- _REQUIRED WORK_:
Return the line that contains "تألقي بإطلالة راقية" plus every line after it to the end of the entries below, exactly as given, and stop there.

- _WORKING DATA_:
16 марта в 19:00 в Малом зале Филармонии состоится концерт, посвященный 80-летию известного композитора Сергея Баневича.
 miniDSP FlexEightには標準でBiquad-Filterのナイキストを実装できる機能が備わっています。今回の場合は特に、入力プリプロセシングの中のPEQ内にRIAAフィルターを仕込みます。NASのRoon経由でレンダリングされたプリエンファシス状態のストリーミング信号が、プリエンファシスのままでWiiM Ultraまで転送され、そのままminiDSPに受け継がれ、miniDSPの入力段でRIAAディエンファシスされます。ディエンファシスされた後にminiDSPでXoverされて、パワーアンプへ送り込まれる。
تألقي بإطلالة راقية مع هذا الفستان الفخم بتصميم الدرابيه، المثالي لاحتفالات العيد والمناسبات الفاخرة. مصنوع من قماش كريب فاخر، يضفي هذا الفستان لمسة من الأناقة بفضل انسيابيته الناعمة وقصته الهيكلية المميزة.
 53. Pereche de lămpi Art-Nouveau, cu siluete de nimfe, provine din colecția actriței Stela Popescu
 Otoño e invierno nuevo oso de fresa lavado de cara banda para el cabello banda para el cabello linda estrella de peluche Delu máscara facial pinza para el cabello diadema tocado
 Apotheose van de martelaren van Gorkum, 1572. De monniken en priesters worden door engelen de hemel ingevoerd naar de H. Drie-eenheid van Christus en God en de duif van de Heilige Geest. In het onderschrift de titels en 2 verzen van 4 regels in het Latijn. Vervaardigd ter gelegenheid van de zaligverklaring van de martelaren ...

- _EXERCISE OUTPUT_:
تألقي بإطلالة راقية مع هذا الفستان الفخم بتصميم الدرابيه، المثالي لاحتفالات العيد والمناسبات الفاخرة. مصنوع من قماش كريب فاخر، يضفي هذا الفستان لمسة من الأناقة بفضل انسيابيته الناعمة وقصته الهيكلية المميزة.
 53. Pereche de lămpi Art-Nouveau, cu siluete de nimfe, provine din colecția actriței Stela Popescu
 Otoño e invierno nuevo oso de fresa lavado de cara banda para el cabello banda para el cabello linda estrella de peluche Delu máscara facial pinza para el cabello diadema tocado
 Apotheose van de martelaren van Gorkum, 1572. De monniken en priesters worden door engelen de hemel ingevoerd naar de H. Drie-eenheid van Christus en God en de duif van de Heilige Geest. In het onderschrift de titels en 2 verzen van 4 regels in het Latijn. Vervaardigd ter gelegenheid van de zaligverklaring van de martelaren ...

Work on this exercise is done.